Results from long-term studies of women with HIV have been hitting the news, and some of the news is good. Those who start HAART amid advanced-stage HIV, or AIDS, can still snag good results, says the Women’s Interagency HIV Study (WIHS). The March report may encourage those who still think that folks launching HAART with CD4 counts below 200 won’t benefit.

The six-year study of 1,132 women HIVers focused on HAART virgins with CD4s below 200 and viral loads over 10,000. Almost half had previously suffered at least one opportunistic infection.

“The results were greater than we expected,” says principal investigator Kathryn Anastos, MD, of Montefiore Medical Center in the Bronx, New York. Eighty percent of the women pumped up their CD4s to 200 or more; within five years, 55 percent had surpassed 350. The upshot: In long-term treatment it’s the on-HAART, not pre-HAART, figure that counts.

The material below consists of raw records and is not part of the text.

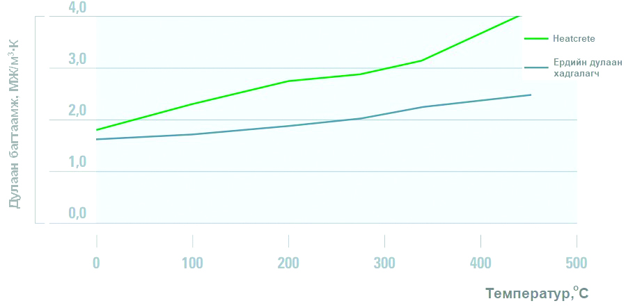 Зураг 3. “HEATCRETE” бетоны дулаан багтаамжийг өмнө нь гарган авсан дулаан хадгалагчтай харьцуулсан байдал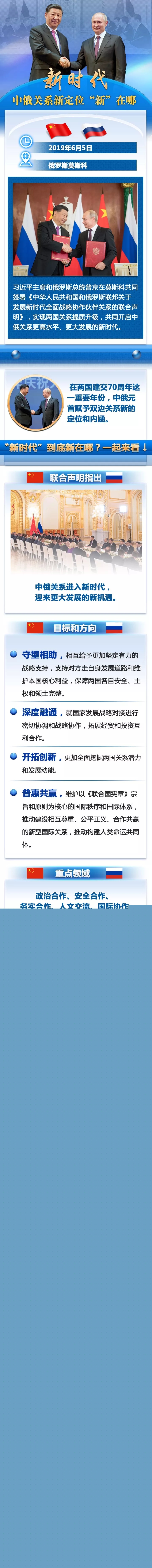 6月5日,習近平主席和俄羅斯總統普京在莫斯科共同簽署《中華人民共和國和俄羅斯聯邦關于發展新時代全面戰略協作伙伴關系的聯合聲明》,實現兩國關系提質升級,共同開啟中俄關系更高水平、更大發展的新時代。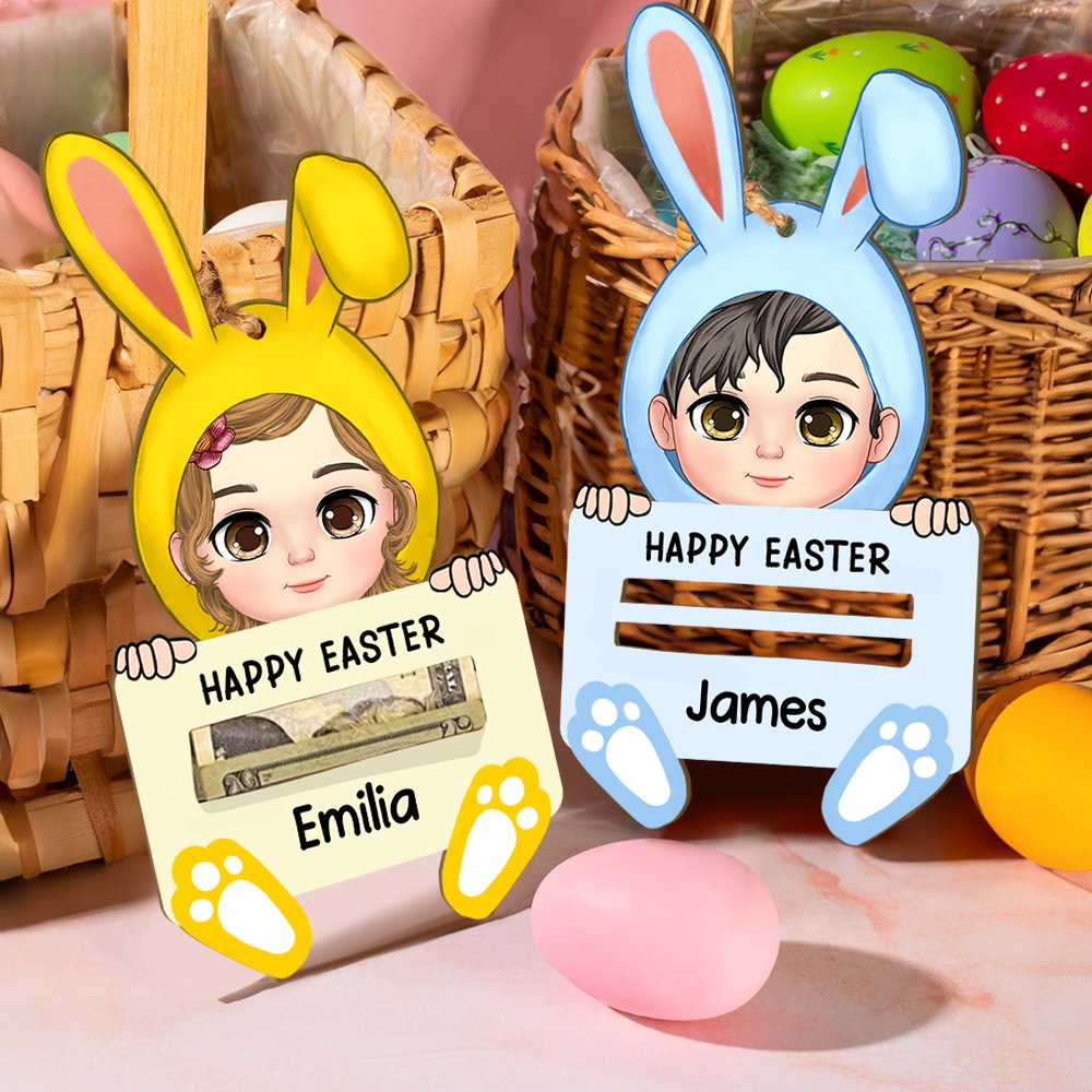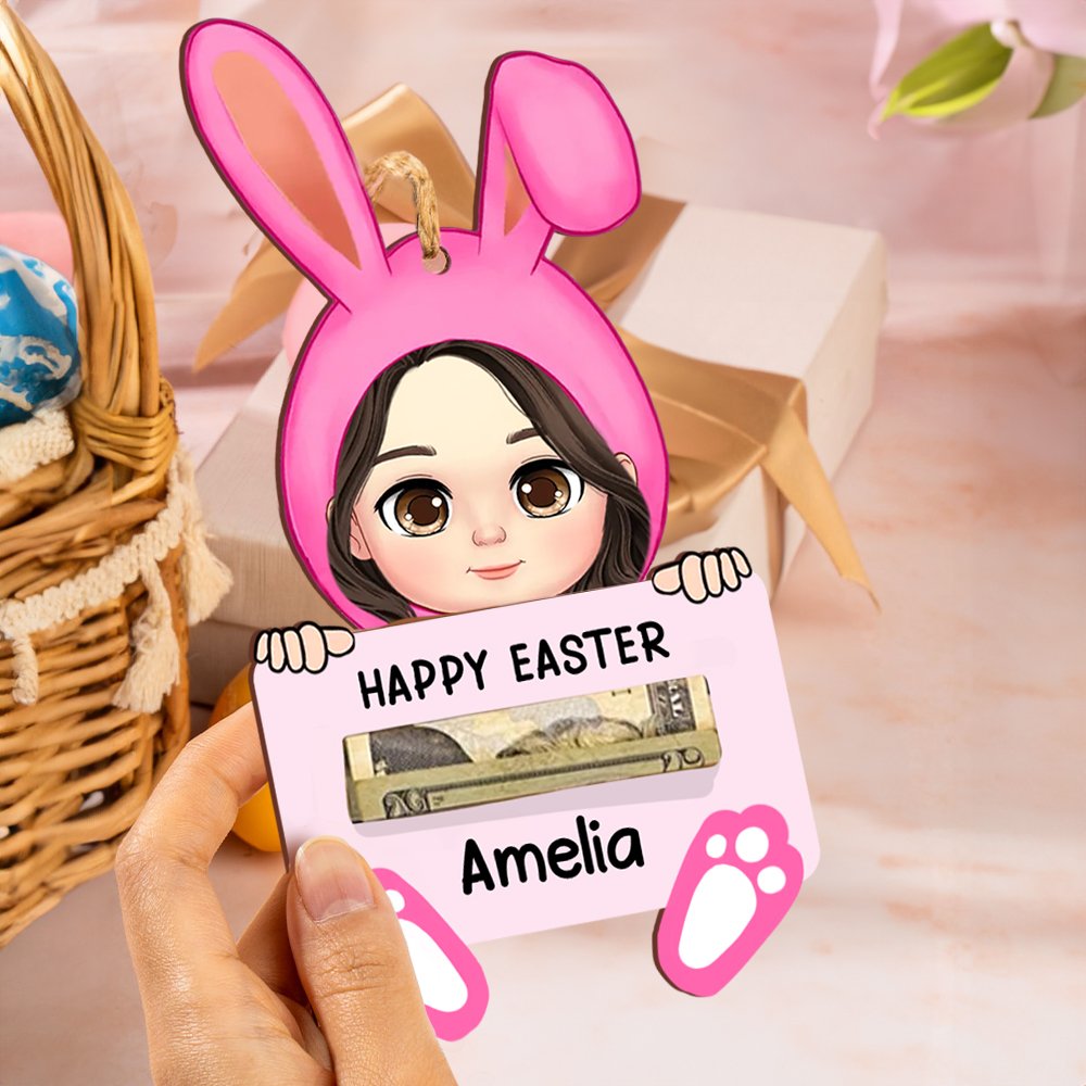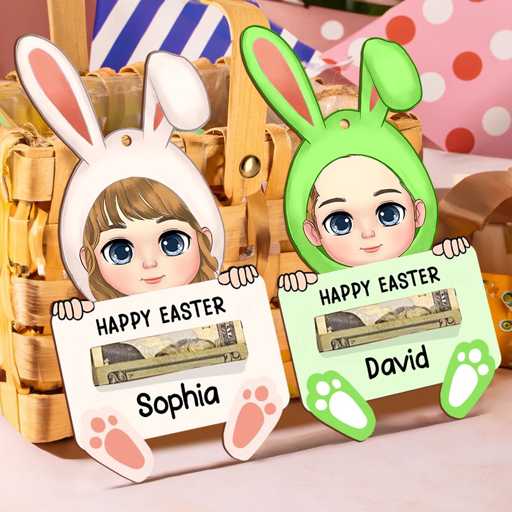 Den här pengahållaren har en tecknad kanin och är perfekt för att fira påskens glädje. Du kan välja mellan nio olika färger på kaninhattarna och nio olika namnplattor. Varje pengahållare kan graveras med ett namn, vilket gör den till en omtänksam och unik present till vänner och familj i påsk.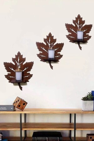 MNZ-3- Piece خشبية ديكورات الجدار رف طائرة حامل شمعة ورقة
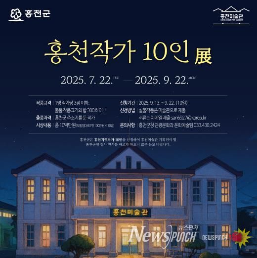 뉴스펀치 김보성 기자 | 홍천군은 “2025 홍천 작가 10인전”에 참가할 작가를 오는 9월 13일부터 22일까지 모집한다.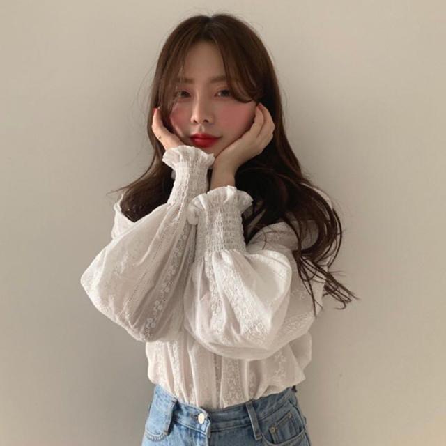 トップス シャツ ブラウス 袖あり 長袖 ハイネック 襟なし セミフレア ワイド レース 刺繍 ニット かわいい 大人可愛い きれいめ シンプル カジュアル 大人 上品 おしゃれ お洒落 かっこいい レトロ 大人可愛い 大人女子 こなれ感 ラブリー キュート ガーリー 個性的 クール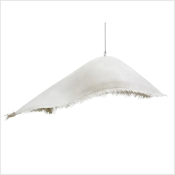 Lampa Moby Dick wisząca marki Karman Obszerny klosz lampy wiszącej Moby Dick jest wykonany z włókna szklanego i ma postrzępione krawędzie, co nadaje żyrandolowi coś niedoskonałego lub surowego. Klosz jest szorstki wewnątrz i gładki na zewnątrz. Nieprzypadkowo ta lampa wisząca z przyciągającym wzrok kloszem nosi nazwę Moby Dick, ponieważ kształt klosza rzeczywiście przypomina nieco wieloryba wynurzającego się z morskich głębin. Niezwykłe projekty opraw oświetleniowych to znak rozpoznawczy włoskiego producenta oświetlenia Karman. Matteo Ugolini, projektant Moby Dicka, jest dyrektorem artystycznym i głównym projektantem producenta oświetlenia, który ma siedzibę w Fossombrone w środkowych Włoszech. Produkty Karman są uosobieniem włoskiego wzornictwa i rzemiosła. Wyprodukowano we Włoszech.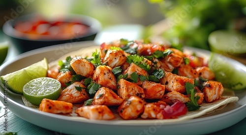 salmon, taco, lime, salsa, cilantro, food, meal, dish, cookery, fresh, herb, cooking, favor, receipe, ingredient, garnish, plate, vibrant, healthy, protein, seafood, spice, texture, colourful, serving, feast, dining, enjoyment, epicure, culinary, nourishment, zest, bite, lunch, dinner, organic, tasty, savoury, delicious, crispy, warm, homemade, platter, presentation, aroma, seasoning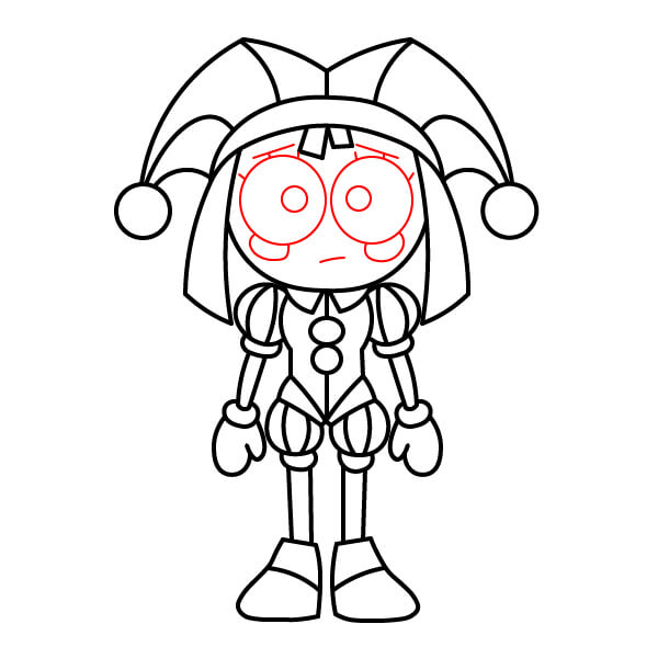 Añade los detalles finales al rostro de Pomni: Dibuja ojos grandes, amplios y tristes con pupilas pequeñas y una boca sencilla y fruncida. Añade cejas y un toque de rubor debajo de cada ojo.

Twenty percent of the women didn’t respond well to therapy—their CD4s stayed below 200. The reason remains a mystery, but the researchers point to poor adherence, drug resistance, active drug use and depression as common factors.

But the main theme is encouraging: “As long as the CD4 comes up above 200,” Anastos says, “the woman is protected, no matter where she started. It’s never too late to begin HAART.” She adds that the message applies to men as well.